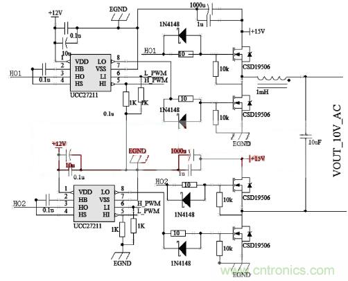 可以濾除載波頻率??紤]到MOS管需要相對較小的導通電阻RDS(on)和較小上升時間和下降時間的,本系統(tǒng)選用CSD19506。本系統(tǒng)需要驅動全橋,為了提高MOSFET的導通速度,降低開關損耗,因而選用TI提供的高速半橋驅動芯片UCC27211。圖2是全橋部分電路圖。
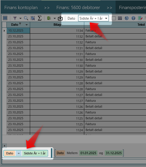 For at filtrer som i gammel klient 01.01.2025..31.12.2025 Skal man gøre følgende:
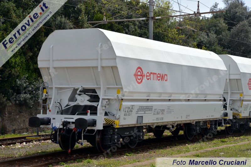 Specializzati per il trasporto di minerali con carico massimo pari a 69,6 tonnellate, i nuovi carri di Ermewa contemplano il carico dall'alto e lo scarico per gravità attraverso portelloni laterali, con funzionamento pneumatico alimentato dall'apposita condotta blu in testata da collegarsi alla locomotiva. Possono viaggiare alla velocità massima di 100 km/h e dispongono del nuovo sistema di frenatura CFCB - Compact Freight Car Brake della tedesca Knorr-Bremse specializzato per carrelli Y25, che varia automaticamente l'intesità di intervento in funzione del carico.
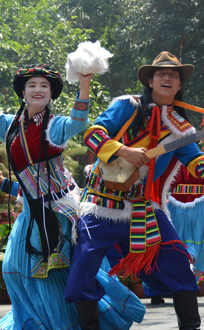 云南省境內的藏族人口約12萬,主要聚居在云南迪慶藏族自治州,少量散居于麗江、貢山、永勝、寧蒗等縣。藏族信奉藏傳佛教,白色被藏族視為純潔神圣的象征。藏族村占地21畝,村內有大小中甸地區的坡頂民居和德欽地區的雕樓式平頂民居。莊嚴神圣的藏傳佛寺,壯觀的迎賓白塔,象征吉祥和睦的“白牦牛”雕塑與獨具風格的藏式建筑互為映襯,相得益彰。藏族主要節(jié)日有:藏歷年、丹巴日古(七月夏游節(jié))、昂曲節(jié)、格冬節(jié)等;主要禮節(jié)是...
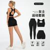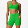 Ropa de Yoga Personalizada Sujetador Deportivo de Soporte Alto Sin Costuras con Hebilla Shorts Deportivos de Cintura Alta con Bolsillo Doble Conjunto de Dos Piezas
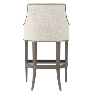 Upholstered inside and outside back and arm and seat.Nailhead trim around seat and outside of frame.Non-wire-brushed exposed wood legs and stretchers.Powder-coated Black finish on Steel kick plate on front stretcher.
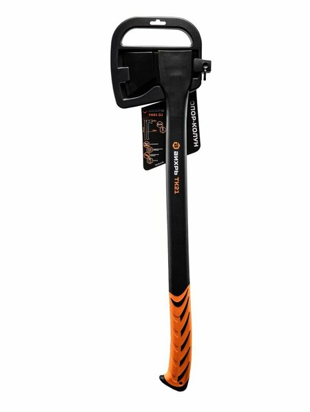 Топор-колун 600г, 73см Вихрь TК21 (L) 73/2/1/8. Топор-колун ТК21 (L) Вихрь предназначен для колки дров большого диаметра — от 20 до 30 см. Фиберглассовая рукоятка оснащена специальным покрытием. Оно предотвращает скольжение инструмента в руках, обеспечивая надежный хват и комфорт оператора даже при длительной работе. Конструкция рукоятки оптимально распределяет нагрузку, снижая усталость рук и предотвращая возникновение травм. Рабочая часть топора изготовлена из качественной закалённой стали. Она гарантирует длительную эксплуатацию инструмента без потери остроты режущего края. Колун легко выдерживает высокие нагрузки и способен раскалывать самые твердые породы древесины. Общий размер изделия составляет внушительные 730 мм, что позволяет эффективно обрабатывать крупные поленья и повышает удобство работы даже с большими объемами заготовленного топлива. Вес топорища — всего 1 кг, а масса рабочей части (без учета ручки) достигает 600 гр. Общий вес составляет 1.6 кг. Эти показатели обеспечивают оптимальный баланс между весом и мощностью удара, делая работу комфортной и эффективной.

■ ■ ■ ■

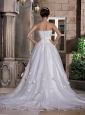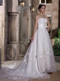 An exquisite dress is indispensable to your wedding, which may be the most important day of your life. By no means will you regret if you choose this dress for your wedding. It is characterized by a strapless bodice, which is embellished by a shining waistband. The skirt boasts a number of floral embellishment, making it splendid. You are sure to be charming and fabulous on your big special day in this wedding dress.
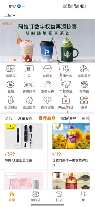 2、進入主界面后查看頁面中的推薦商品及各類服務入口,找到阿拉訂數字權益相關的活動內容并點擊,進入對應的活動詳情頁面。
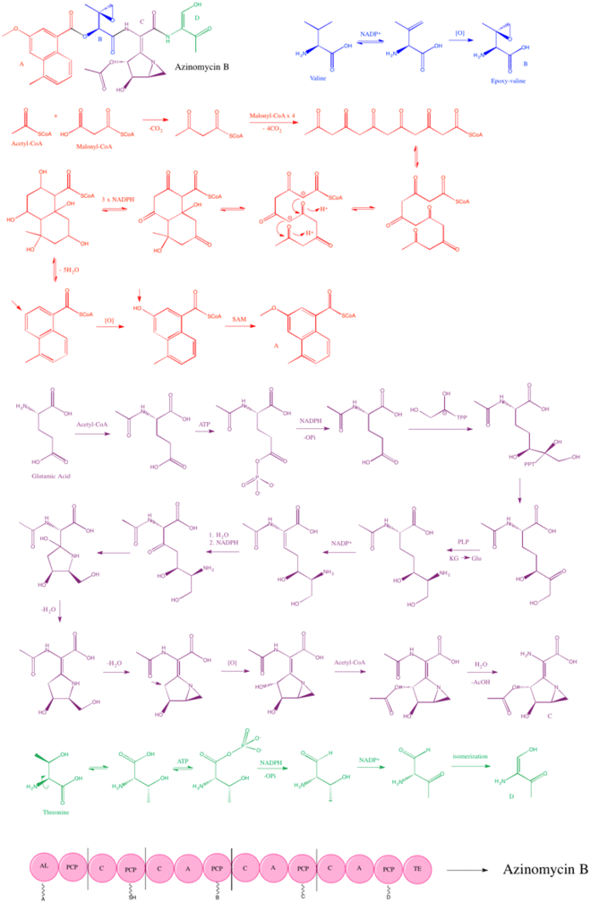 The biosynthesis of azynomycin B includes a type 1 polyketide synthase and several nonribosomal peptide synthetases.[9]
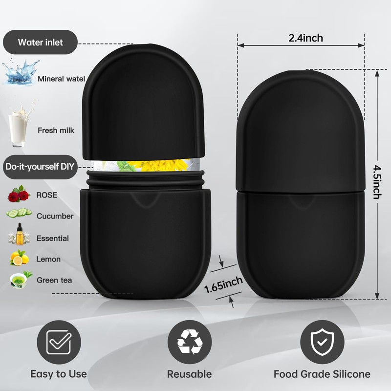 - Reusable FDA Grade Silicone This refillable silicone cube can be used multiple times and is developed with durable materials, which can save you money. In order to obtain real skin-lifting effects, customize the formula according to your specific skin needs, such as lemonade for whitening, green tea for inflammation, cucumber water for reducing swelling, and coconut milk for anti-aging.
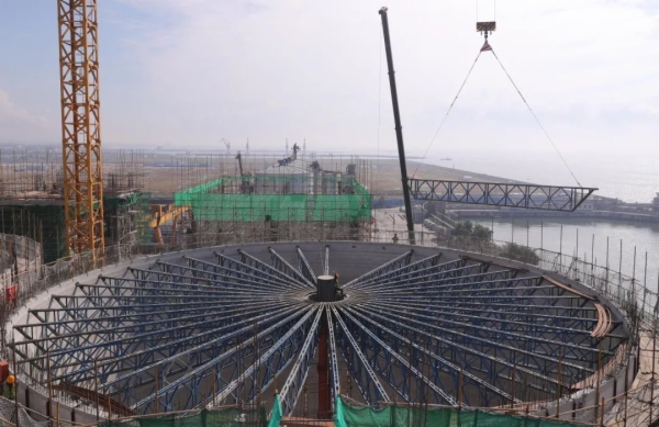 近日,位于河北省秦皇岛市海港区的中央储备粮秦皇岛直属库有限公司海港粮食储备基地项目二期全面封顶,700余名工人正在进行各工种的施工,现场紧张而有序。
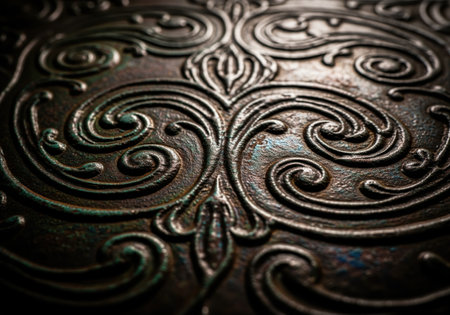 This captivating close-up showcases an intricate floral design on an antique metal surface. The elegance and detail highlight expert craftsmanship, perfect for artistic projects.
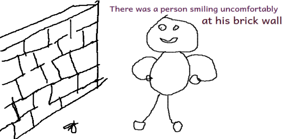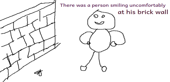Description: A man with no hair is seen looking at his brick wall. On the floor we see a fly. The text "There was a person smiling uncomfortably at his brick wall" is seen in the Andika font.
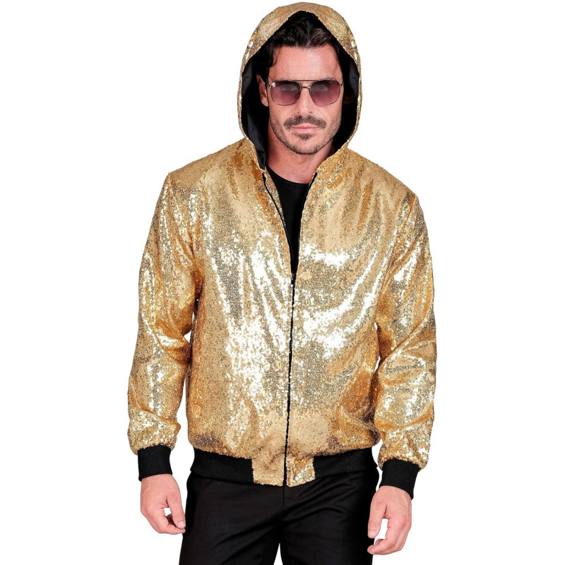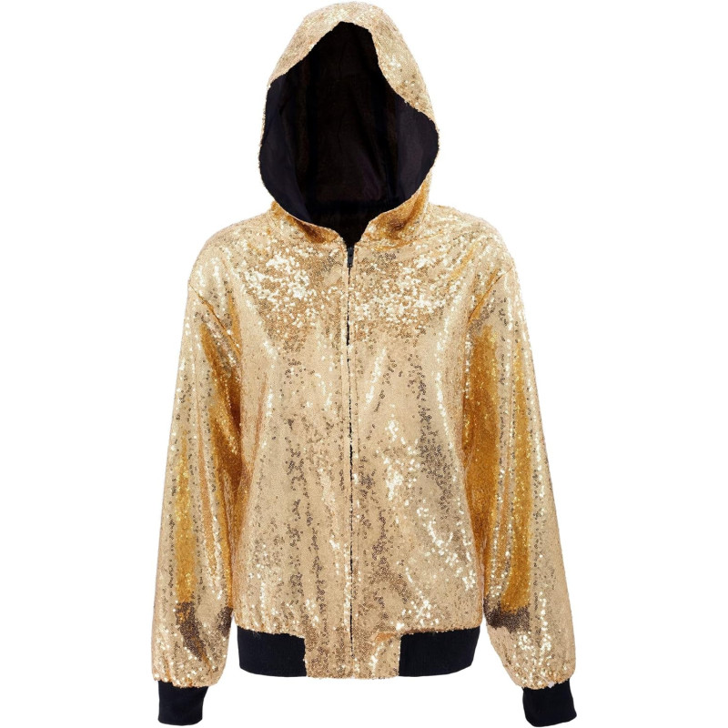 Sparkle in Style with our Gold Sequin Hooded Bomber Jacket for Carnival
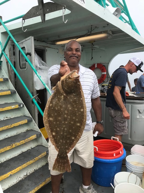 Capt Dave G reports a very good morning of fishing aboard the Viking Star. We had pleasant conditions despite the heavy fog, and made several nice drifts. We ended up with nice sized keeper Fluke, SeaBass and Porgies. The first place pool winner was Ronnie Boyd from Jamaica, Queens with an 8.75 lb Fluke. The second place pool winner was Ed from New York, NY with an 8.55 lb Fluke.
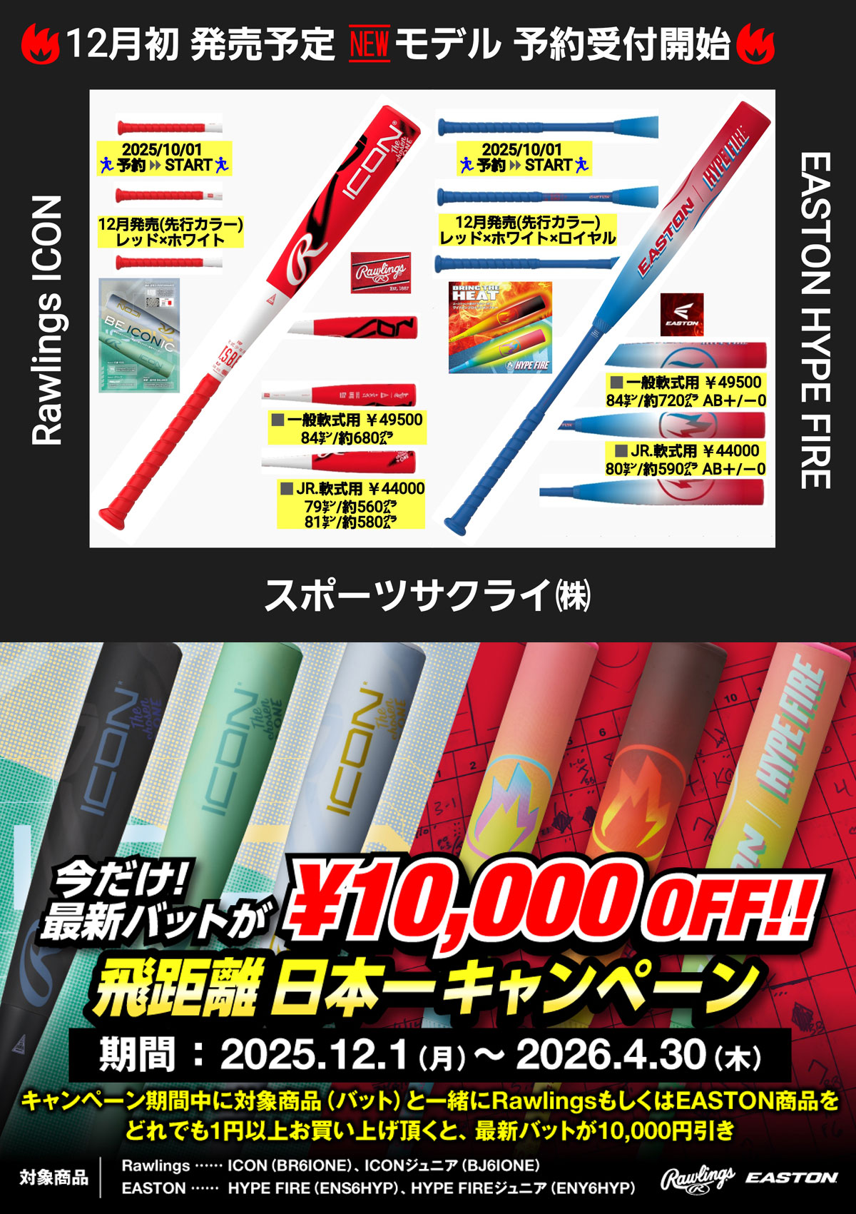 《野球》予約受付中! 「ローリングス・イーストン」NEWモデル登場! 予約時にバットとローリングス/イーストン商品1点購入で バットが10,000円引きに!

■ ■ ■ ■

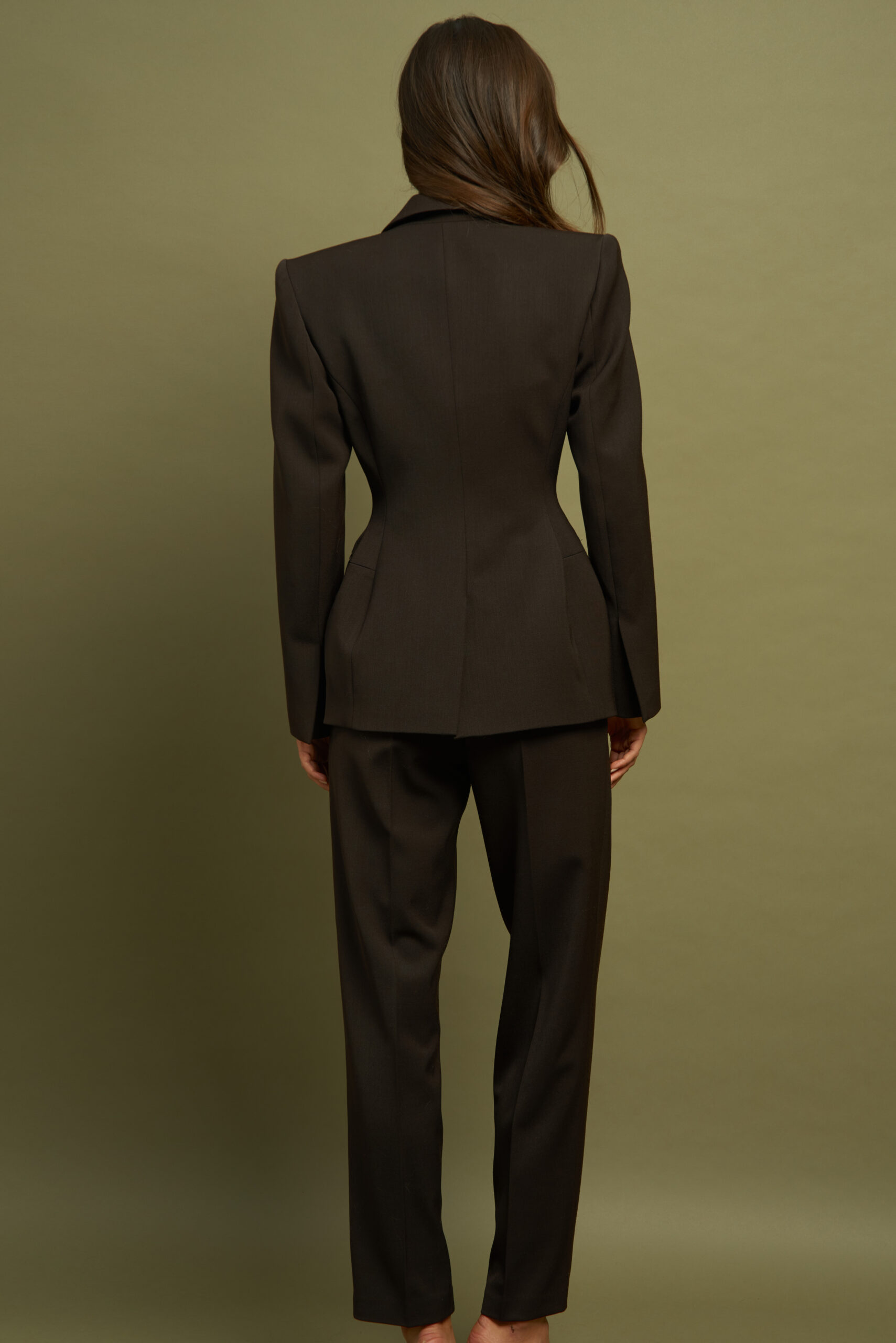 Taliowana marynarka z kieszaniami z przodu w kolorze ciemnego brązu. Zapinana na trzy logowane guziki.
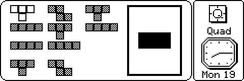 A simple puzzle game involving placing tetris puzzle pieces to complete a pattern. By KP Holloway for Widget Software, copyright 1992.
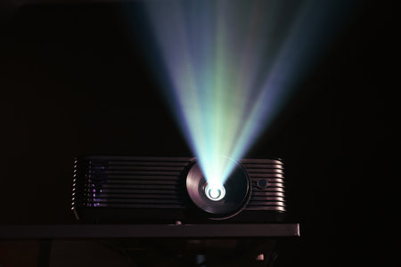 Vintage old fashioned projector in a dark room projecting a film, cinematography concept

■ ■ ■ ■

Write out the lines above from the one with "可以濾除載波頻率??紤]到M" through the one with "For at filtrer", ends included, exactly; no picture goes in.

 可以濾除載波頻率??紤]到MOS管需要相對較小的導通電阻RDS(on)和較小上升時間和下降時間的,本系統(tǒng)選用CSD19506。本系統(tǒng)需要驅動全橋,為了提高MOSFET的導通速度,降低開關損耗,因而選用TI提供的高速半橋驅動芯片UCC27211。圖2是全橋部分電路圖。
 For at filtrer som i gammel klient 01.01.2025..31.12.2025 Skal man gøre følgende:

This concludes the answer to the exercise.